While I'm with you on this issue in general, what the hell do Muslims have to do with anything specifically today? The latest recurrence of "Saddam was America's puppet" around here came from Arnold, who's about as far from a Muslim as any Wisconsinite could be.

This statement...


Americaphobia: it's as real as Islamophobia, but too many Muslims are too stupid to recognize this reality.


...though harshly worded, is true. But I'm not sure why it's relevant today. Arnold's comments today reflect a strong and consistent isolationism, but no Americaphobia.
10.14.2007 6:06pm
Dean Esmay:
Oh, just read Ali Eteraz's bulshit. We were once nice in some way to Saddam Hussein, therefore, we are responsible for everything he ever did.

Racist garbage that this is, it's actually given respect on the left.
10.14.2007 6:16pm
Snippet:
Can I just say something?

Thank you.

We "supported" Saddam Hussein, to the extent we did, because he antagonized Iran.

In other words, we acknowledged the unpleasant reality in that Allah-forsaken hellhole called, "The Middle East," and did the best we could with the sucky reality we found there.

I believe that's called, "Realism."
10.14.2007 6:17pm
Arnold Harris (mail):
Dean, maybe you ought to do yourself a favor on click up:

http://www.gwu.edu/~nsarchiv/NSAEBB/NSAEBB82

I would have linked it, but the linking procedure on your site doesn't seem to work with my Windows XP.

In any case, that will get you into the National Security Archive Briefing Book Number 82, edited by Joyce Battle, Feb 25, 2003.

There, you can read for yourself facts from our government's own documents, extracted under the Freedom of Information Act, about the "tilt" of the US government toward Saddam Hussein and his regime during the administration of President Ronald W Reagan.

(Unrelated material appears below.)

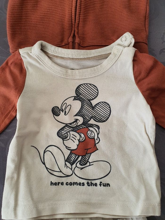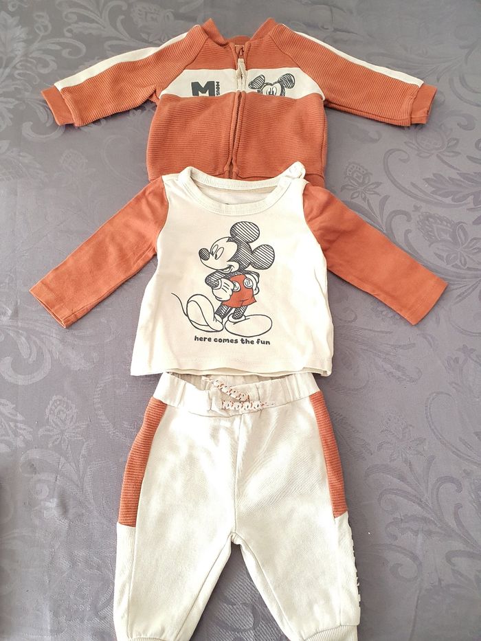 Ensemble Disney. Comprenant 1 tee-shirt manches longues, 1 pantalon et 1 veste zippée Taille 3mois Très bon état

I have a long memory, Dean. It has served me very well and it goes back to the late 1930s, even before I entered kindergarten in Chicago's Hyde Park neighborhood in Sep 1939. So I don't easily forget details as important as that "tilt" toward Saddam Hussein that occurred at length just a quarter-century ago.

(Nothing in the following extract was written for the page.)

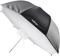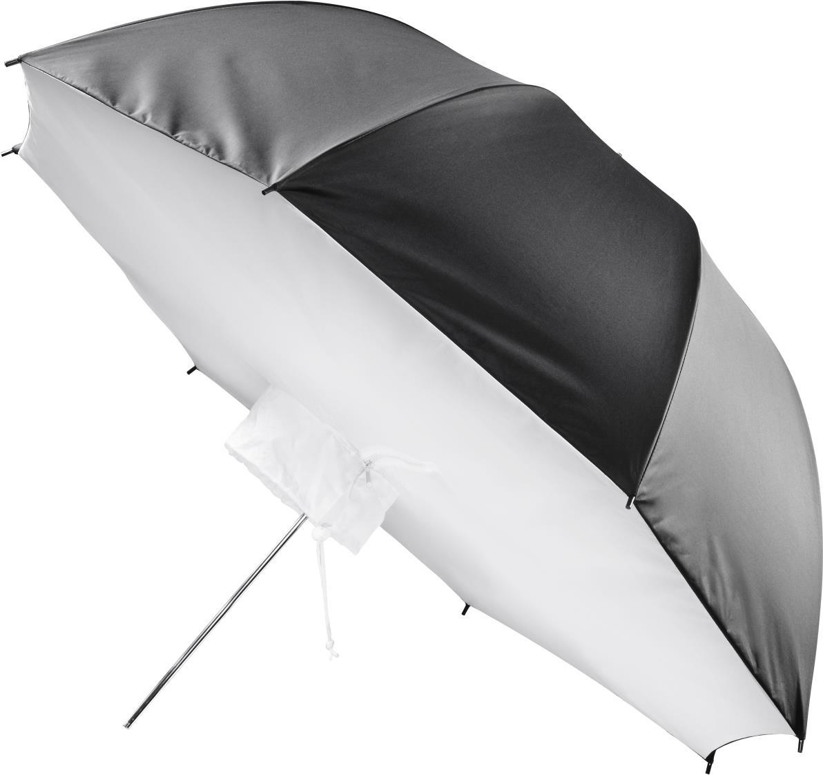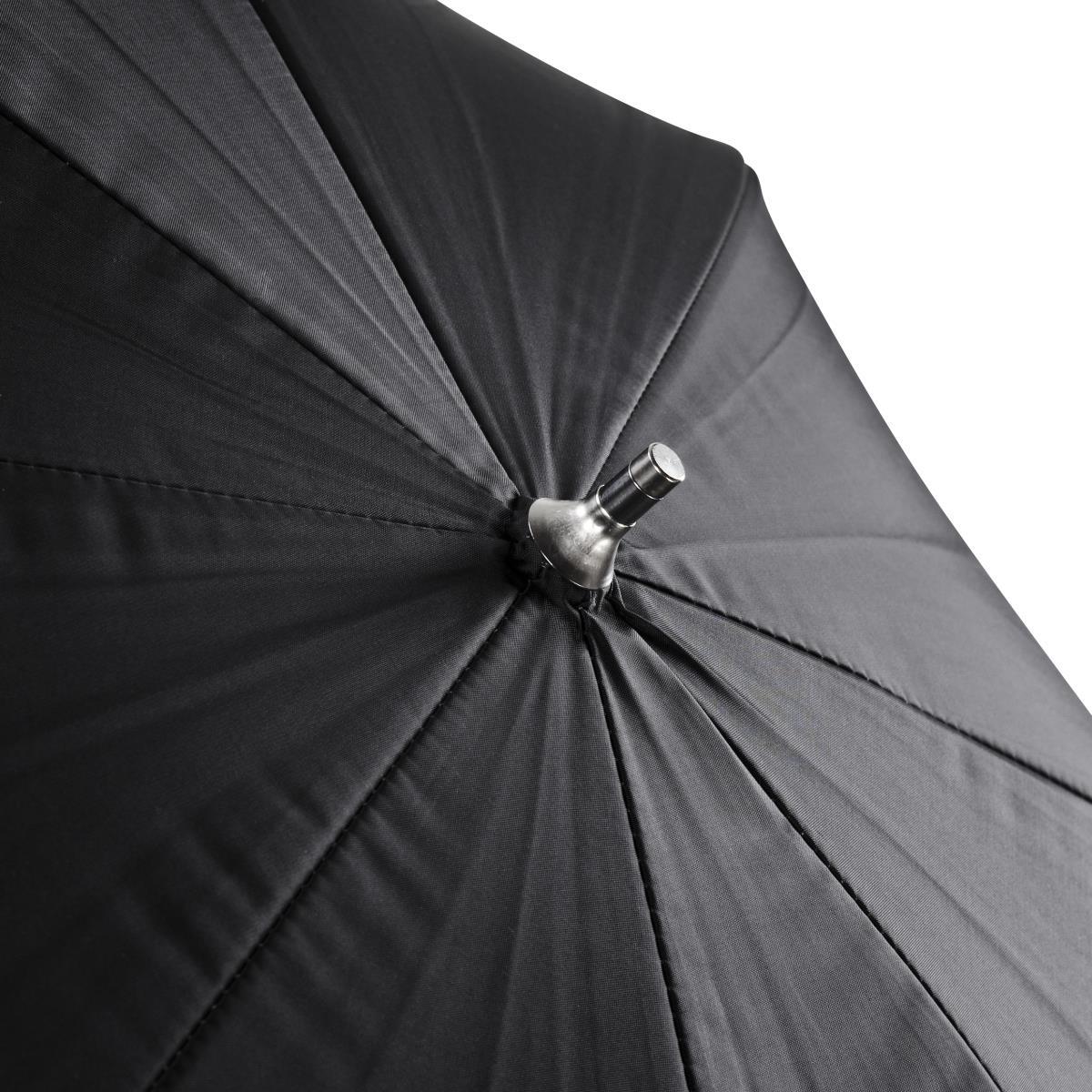 Die Schirmsoftbox ist ideal für Porträtaufnahmen und kleine Gruppenaufnahmen. Auch in der Produktfotografie ist sie sehr beliebt. Die silberne Reflexfläche sorgt dabei für eine für optimale Reflexion des Lichtes ohne weiche Lichtcharakteristik.Dank des Kordelzugs und Reißverschlusses gleichen Sie die Softbox passgenau an den Studioblitz an, wodurch ein Durchscheinen des Lichts verhindert wird. So ist die Softbox mit allen handelsüblichen Studioblitzen kompatibel.Der Schirm ist äußerst hochwertig verarbeitet und besticht mit seiner edlen Optik. Sowohl die Spitze als auch das Gestell sind aus Metall gefertigt, was für eine höhere Stabilität und somit für eine längere Lebensdauer sorgt. Das metallene Stielende ist verstärkt, wodurch es leichter in den Reflektorhalter am Studioblitzgerät eingeführt werden kann.

And as everybody on Dean's World well knows, I call shots as I see them.

Arnold Harris
Mount Horeb WI
10.14.2007 6:40pm
John_B (mail) (www):
The 'tilt' toward Saddam can best be described as: He's the less odious of two bad choices.

The US stepped in when it looked like Iraq might lose the Iran-Iraq War, not to help him win it. As it was, both sides did manage to lose.

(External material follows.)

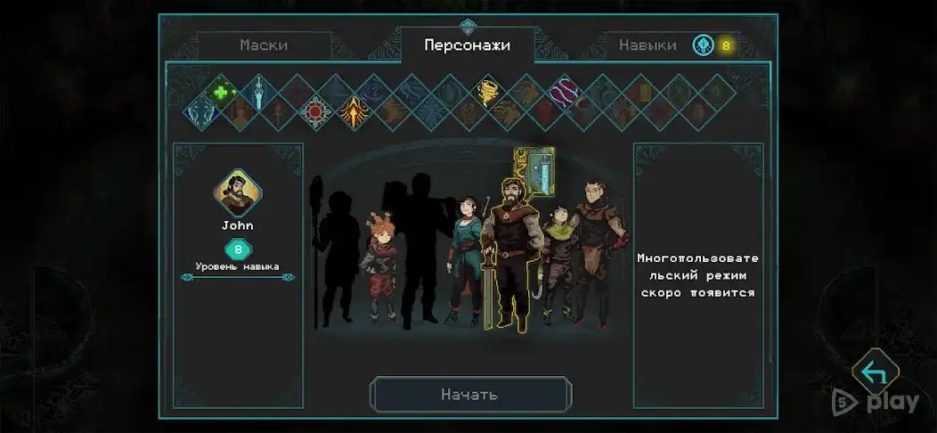 Пиксельная графика выглядит атмосферно. Музыка затягивает. Прогресс сохраняется между забегами — даже если персонаж погиб, семья становится сильнее. Открываются новые артефакты, улучшения, способности. Сюжет раскрывается постепенно, через диалоги и события между вылазками в подземелья.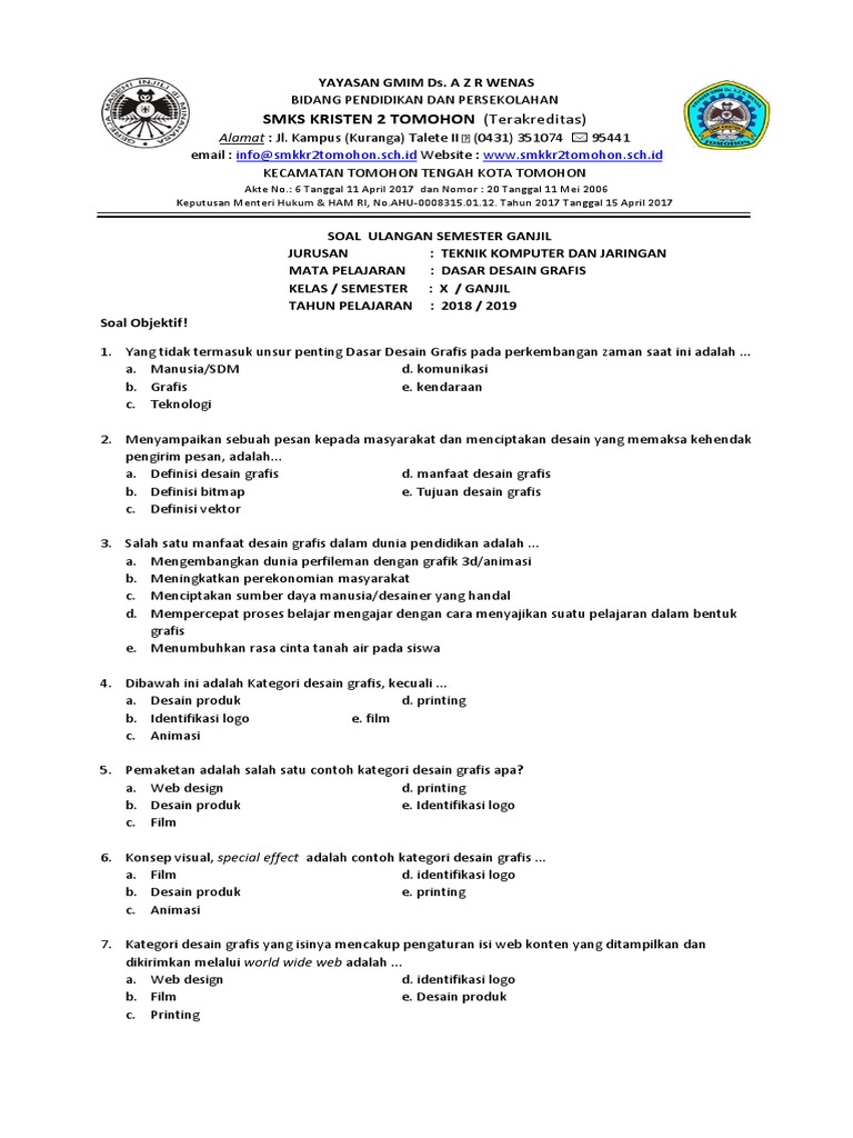 November 08 2017 source. Contoh Soal Desain Grafis Kelas 10 Semester 2 Guru Ilmu Sosial Soal Pts Desain Grafis Percetakan Kelas Xi Mm Docx Pilihlah. Soal dalam bentuk pilihan ganda 40 butir dan 5 soal essay.

That was considered to be a win for everyone else. Didn't quite work out that way, of course, but no one in the USG was shedding tears for either Iraqis or Iranians.
10.14.2007 6:58pm
Dave Schuler (mail) (www):
What John characterizes pretty well as a “tilt” was realpolitik. He was the guy in charge. The choices were deal with him, isolate him, or remove him. We tried the first for a while then, after he invaded Kuwait, the second.

I really, really don't understand the fascination with Bush Sr.-era Hamiltonian realism. That makes us no friends (any more than it will make friends for the Chinese who are doing the same thing).
10.14.2007 7:30pm
Mike (mail):
What's sad is that the list of Soviet hardware gets read off for the umpteenth time and can't penetrate the skulls of these people.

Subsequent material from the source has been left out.